6. The virtual machine system of claim 5, wherein the first virtual machine and the second virtual machines correspond to a same one of the virtual machines at different times.

7. The virtual machine system of claim 5, wherein the first virtual machine and the second virtual machine correspond to different ones of the virtual machines.

8. The virtual machine system of claim 5, wherein at least some of the respective configuration data that is collected is not used to create the respective virtual machine signatures.

9. The virtual machine system of claim 5, wherein the respective virtual machine signatures correspond to respective hashed strings.

10. A method for managing virtual machines in a virtual machine system, comprising:

creating unique virtual machine identifications for virtual machines of a virtual machine system based at least on respective configuration file locations for the virtual machines, a virtual machine manager for each of the virtual machines, and associated virtual machine identifications assigned to the virtual machines by the virtual machine manager for each of the virtual machines;

collecting respective configuration data on the virtual machines;

creating, from at least some of the respective configuration data, one or more respective virtual machine signatures for each of the virtual machines;

associating the respective virtual machine signatures with appropriate ones of the unique virtual machine identifications; and

comparing a first signature with a second signature to determine a difference between a first virtual machine and a second virtual machine both of which are included within the virtual machines, wherein the first and second signatures are included within the respective virtual machine signatures.

11. The method of claim 10, wherein the first virtual machine and the second virtual machine correspond to a same one of the virtual machines at different times.

12. The method of claim 10, wherein the first virtual machine and the second virtual machine correspond to different ones of the virtual machines.

13. The method of claim 10, wherein at least some of the respective configuration data that is collected is not used to create the respective virtual machine signatures.
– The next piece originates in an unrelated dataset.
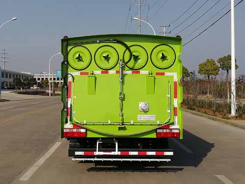 1、该车用于路面吸尘,主要专用装置为箱体、吸尘装置总成。选装弧形箱体或方形箱体及箱体外观样式;选装吸盘中置或吸盘后置;选装扫刷;选装后部空滤;选装后垃圾箱尾门样式;选装后部箱体样式。整车外形长/轴距/后悬对应关系为(mm):5600/2700/1845,5900/2950/1895,6200/3308/1837。2、侧防护由车辆两侧专用作业装置替代。后防护采用冷弯型钢/Q235,焊接,截面高100mm,截面宽50mm,下边缘离地高400mm。3、随底盘选装前面罩,前保险杠,前组合灯具,选装一排半驾驶室;ABS型号/厂家:ABS/ASR-12V-4S/4M/襄阳东风隆诚机械有限责任公司。

14. The method of claim 10, wherein the respective virtual machine signatures correspond to respective hashed strings.

15. The method of claim 10, wherein the respective virtual machine signatures correspond to respective fuzzy hashed strings.

16. The method of claim 10, wherein the virtual machines correspond to clones in a web farm.

17. The method of claim 10, wherein the first virtual machine is a compliant virtual machine and the second virtual machine is a non-compliant virtual machine that is misconfigured or not properly secured.

18. The method of claim 10, wherein the difference between the first virtual machine and the second virtual machine is associated with one or more of differences in virtual hardware, operating systems, and configuration files.

19. The method of claim 10, wherein the difference between the first and second signatures corresponds to a graph edit distance which provides an indication of how many changes are required for the first and second signatures to be equal.

20. The method of claim 10, wherein the virtual machine signatures are created for each layer of the virtual machine system.